Through an automated system from PredictX – previously Pi Travel – the organisation will use artificial intelligence to analyse spending and activity data from previous trips to help it make better budgetary decisions. The system is also expected to improve UBS’s position when negotiating with travel service suppliers.
The PredictX platform will analyse five years of travel data, including travel costs and credit card spending, from across the company to predict future travel costs. Previously, the bank had to bring data together manually from various systems, some of which were external, in order to apply business intelligence to it. As a result, reports on spending were eight weeks old when management received them.
UBS is a global bank and its staff travel regularly, so it can make huge savings by managing costs effectively. “For us, accurate and transparent data analytics is mission critical, especially in a high-spend category such as travel,” said Mark Cuschieri, global travel lead at UBS. “Previously, it was impossible for our category managers to make proactive, vital business decisions on future spending.
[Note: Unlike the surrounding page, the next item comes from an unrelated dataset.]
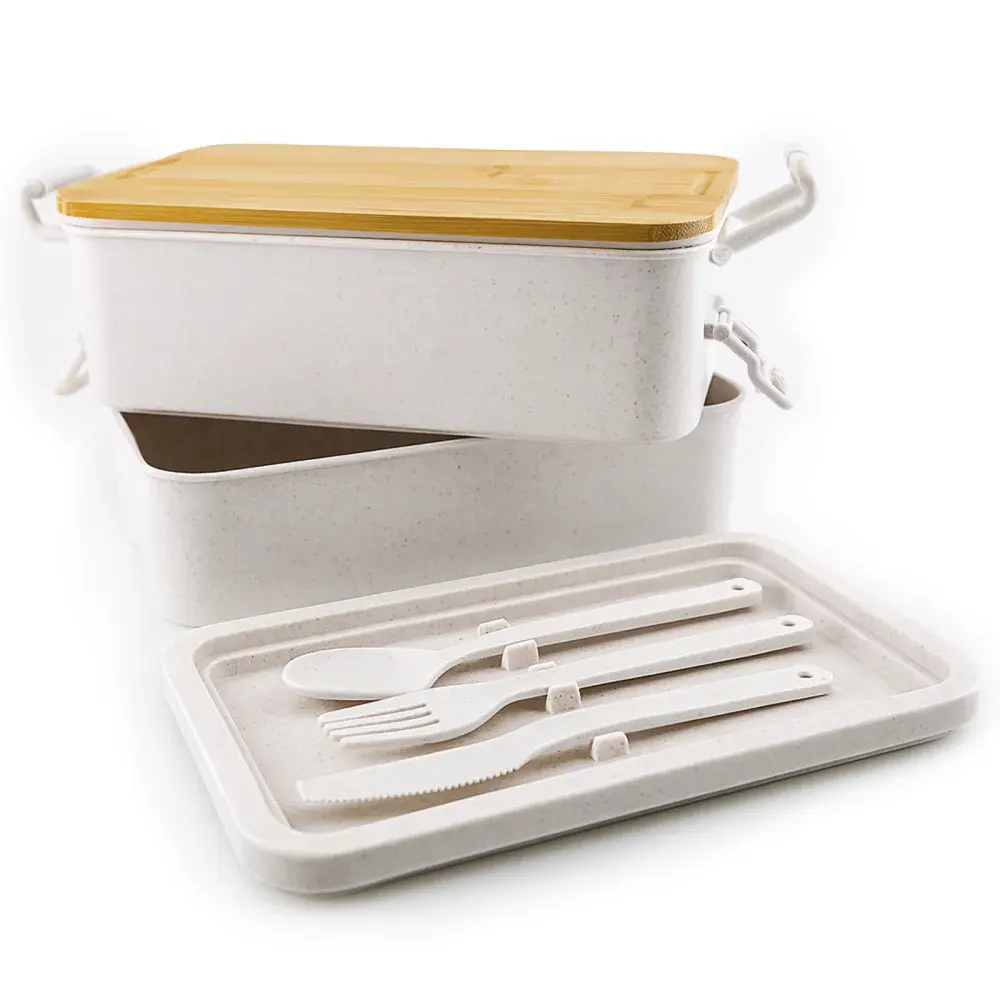Sturdee Lunchbox: Double tray design (800ml + 1000ml) with bamboo lid/serving board and cutlery set.

Typically, we were receiving static reports on trip spend eight weeks post-event.
“Slow data consolidation and single-layer reporting just couldn’t provide the insight needed – and certainly not in a way that would support our new global travel strategy and business requirements.”
Cuscheri added that the ability to predict costs and behaviour helps the bank negotiate better deals with its travel service providers. “Additional benefits of the predictive analytics platform include being able to have better informed negotiations with suppliers,” he said. “Complete and unequivocal historic spend data allows for accurate predictions of likely future spend, allowing mutually beneficial rates to be agreed.”